The safety and scientific validity of this study is the responsibility of the study sponsor and investigators. Listing a study does not mean it has been evaluated by the U.S. Federal Government. Read our disclaimer for details. Identifier: NCT01769040
Recruitment Status : Completed
First Posted : January 16, 2013
Last Update Posted : January 20, 2016
Region MidtJylland Denmark
Statens Serum Institut
Information provided by (Responsible Party):
Nina Kimer, Copenhagen University Hospital, Hvidovre

Brief Summary:

This investigational trial will be assessing the effect of rifaximin on pathophysiology and haemodynamics in the patient with liver cirrhosis, and addressing the effect of rifaximin on several organs on marker level. The molecular and physiological effects of rifaximin will be explored.

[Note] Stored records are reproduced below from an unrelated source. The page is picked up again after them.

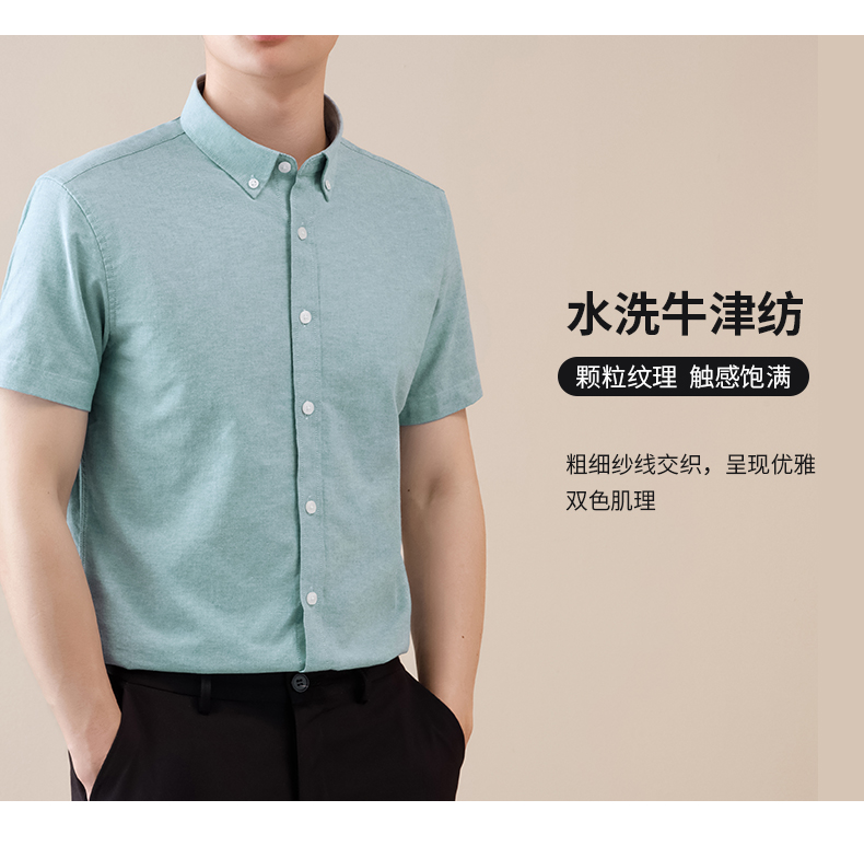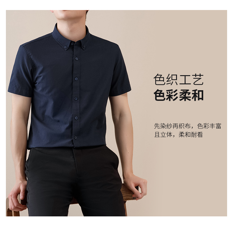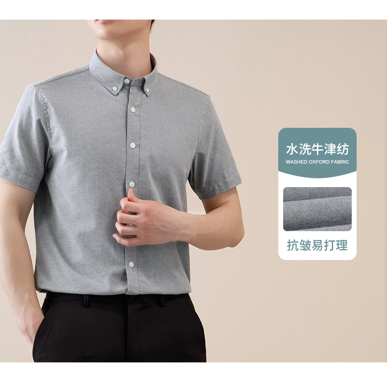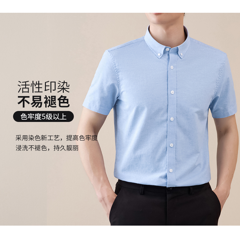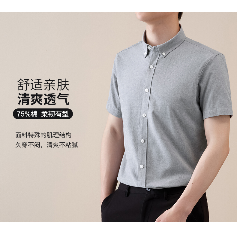 【牛津纺】罗蒙男士夏季短袖衬衫舒适百搭经典纯色简约休闲通勤上班男衬衫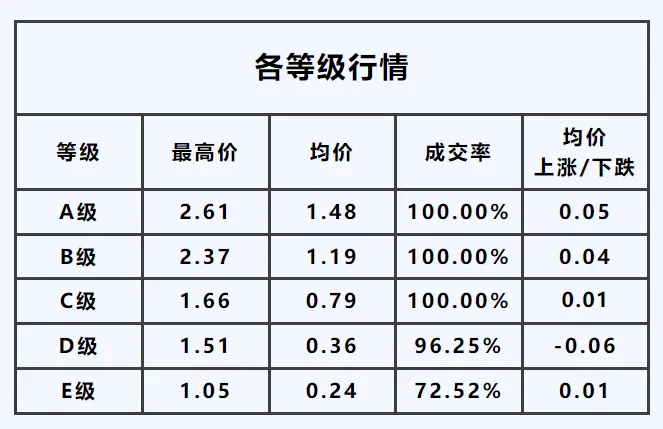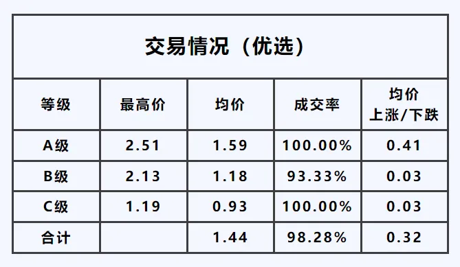 A级——最高价2.61元/枝,均价较昨日,上涨0.05元/枝;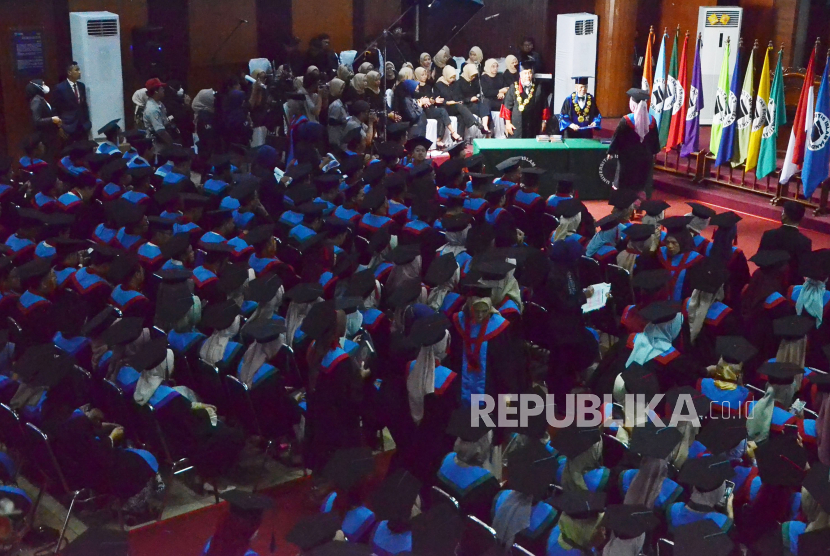 Rektor Unisba Prof Edi Setiadi memberikan ijazah dan tafsir Alquran kepada wisudawan saat wisuda Universitas…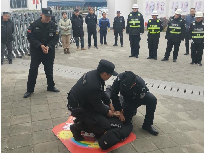 特警支队六大队队员孟宇详细讲解了警棍、盾牌、钢叉等警务装备的使用方法和注意事项,现场演示了战术队形变化、三人作战协同等战术方法,传授了可疑人员及危险行为有效识别、先发制人处置突发暴力行为等常规技巧,并指导附属小学、幼儿园安保人员进行了模拟实战演练。
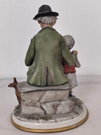 Artistica e dolcissima grande statua Capodimonte d'epoca molto particolareggiata nei suoi minuziosi dettagli (vedi foto annuncio) risalente agli anni '40/'50 raffigurante un nonno, con una pipa tra le mani, seduto su una panchina con accanto la sua amata nipotina dai lineamenti dolcissimi intenti a guardare razzolare una gallina il cui piatto con i semi è posizionato ai piedi della bimba. Stupenda anche la base della statua realizzata con una greca in oro (vedi foto annuncio).
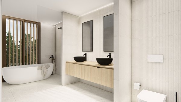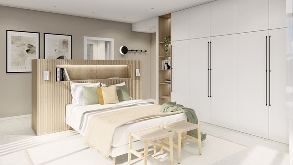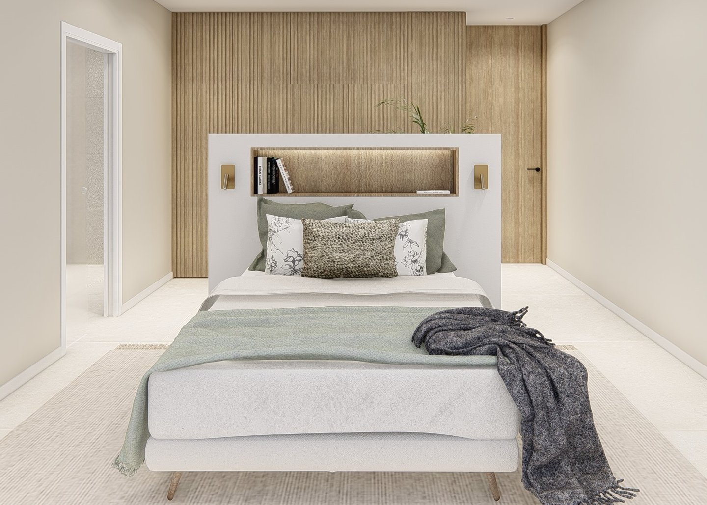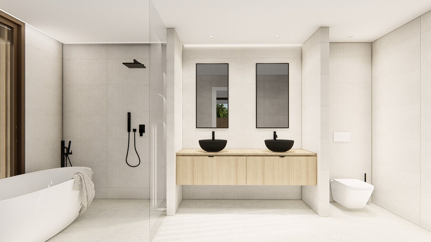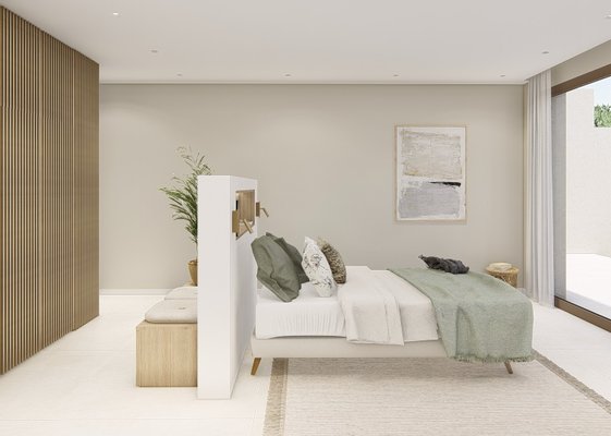 Das erste Villenmodell hat Zugang zu den anderen Schlafzimmern im Untergeschoss, wo sich eine Waschküche, das Hauptschlafzimmer mit eigenem Bad mit Badewanne und ein weiteres Doppelschlafzimmer mit eigenem Bad befinden. Beide Schlafzimmer haben Terrassentüren, die Zugang zu einer Terrasse und dem Garten bieten. Das zweite Villenmodell hat eine ähnliche Aufteilung, aber im ersten Stock mit Sonnenterrassen, die entweder vom Flur im ersten Stock oder vom Hauptschlafzimmer aus zugänglich sind. Bei dieser Villa gibt es auch ein Untergeschoss, in dem sich die Waschküche befindet und die Möglichkeit besteht, zwei weitere Doppelschlafzimmer und zwei Bäder hinzuzufügen, wodurch die Villa zu einem Haus mit fünf Schlafzimmern wird. Beide Villenoptionen verfügen über eine private Garage für mehrere Autos, die auch vom Inneren der Immobilie aus zugänglich ist.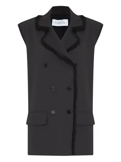 black double-breasted fastening frayed trim sleeveless notched collar straight hem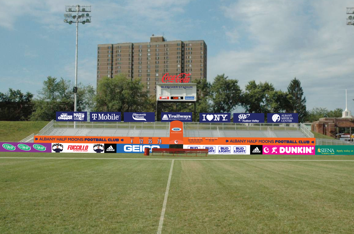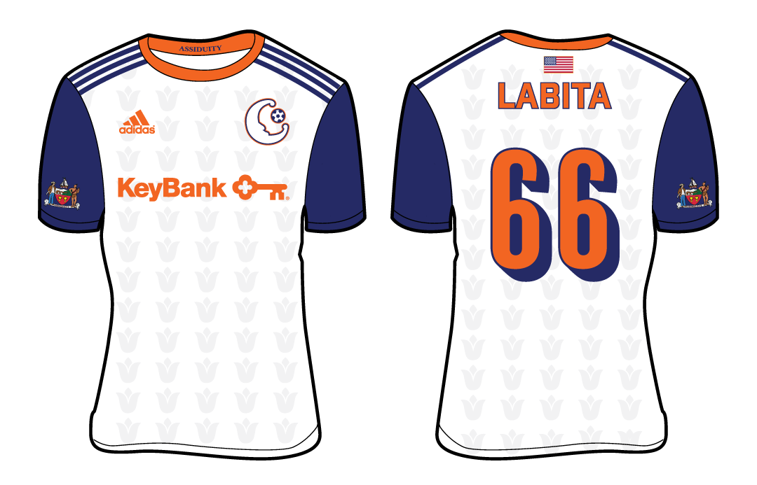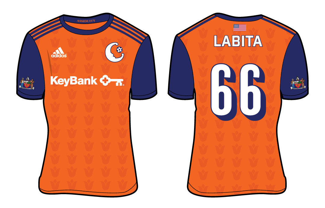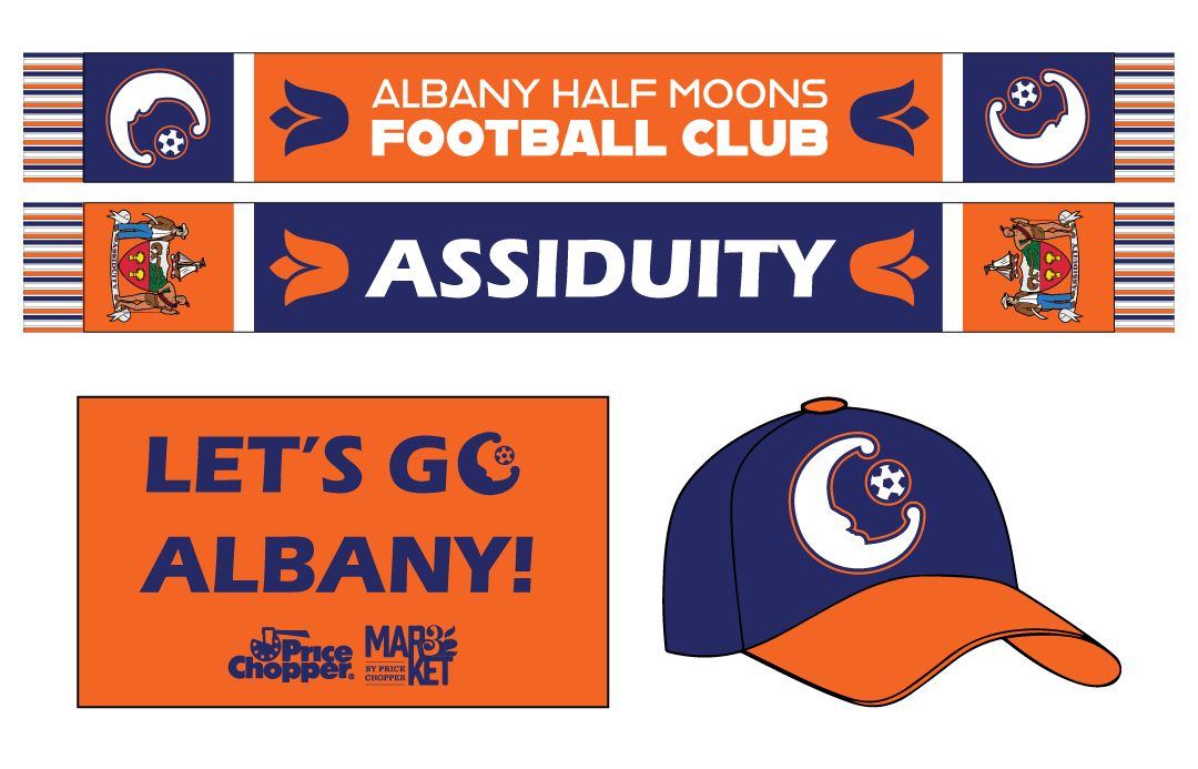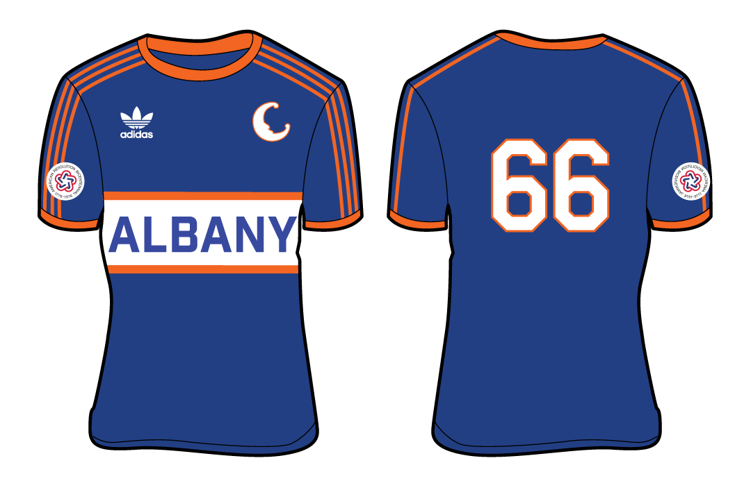 The Albany Half Moons are a concept for a soccer team in Albany, NY that plays at Bleecker Stadium. The team's name derives from the English name for the Dutch ship Halve Maen. The Half Moon is the ship that Henry Hudson sailed on when he ventured into present-day Albany in 1609. The orange and blue color scheme and subdued tulip pattern connect with Albany's Dutch heritage. The left sleeve features Albany's coat of arms. The team has a1970s throwback jersey featuring a retro Addidas logo and an American Bicentennial patch.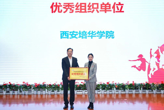 西安培華學院理事長姜波為獲得主題演講單項獎選手頒獎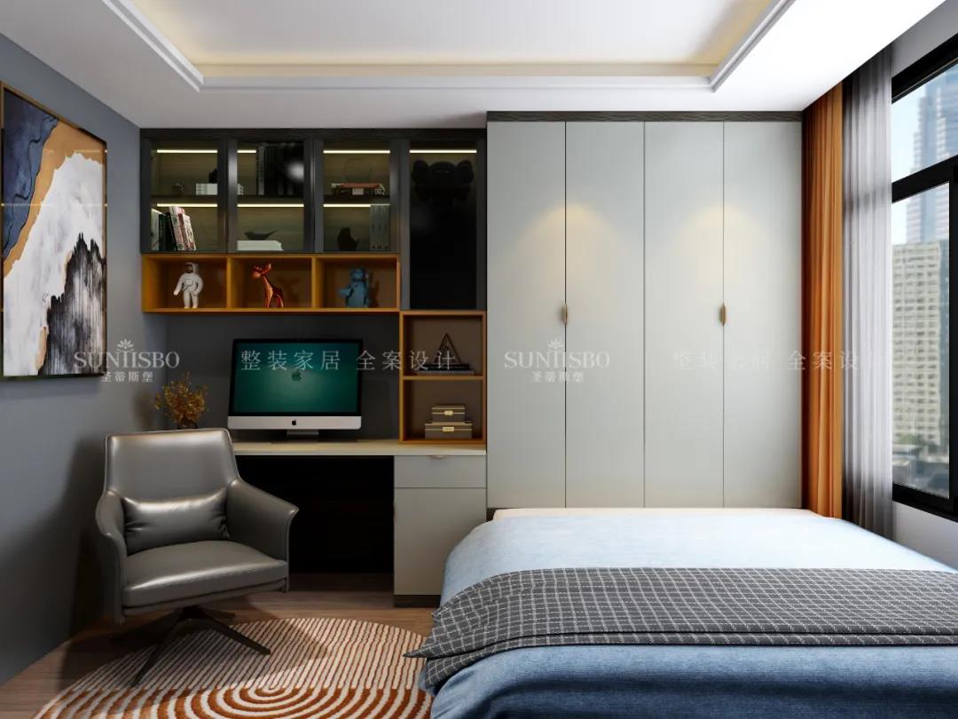 兒童房視覺上以簡潔為主,書桌衣柜床一體式極簡設計,讓空間更輕便舒適。舒緩的色調與活躍的跳色合理搭配,營造出一個充滿無限幻想的童話王國。

The investigators hypothesize that intestinal decontamination with rifaximin in patients with cirrhosis and ascites will interrupt bacterial translocation from the gut, diminish the following inflammatory response, prevent splanchnic vasodilatation and portal systemic contraction and thereby reduce the risk clinical complications to cirrhosis.

If rifaximin can correct small intestinal bacterial overgrowth and demonstrate improvement in liver haemodynamics, renal function and systemic dynamics, then these effects may contribute to the overall well-being of the patient and prevent complications to the underlying cirrhosis such as risk of infections, progression of disease, and admission to hospital.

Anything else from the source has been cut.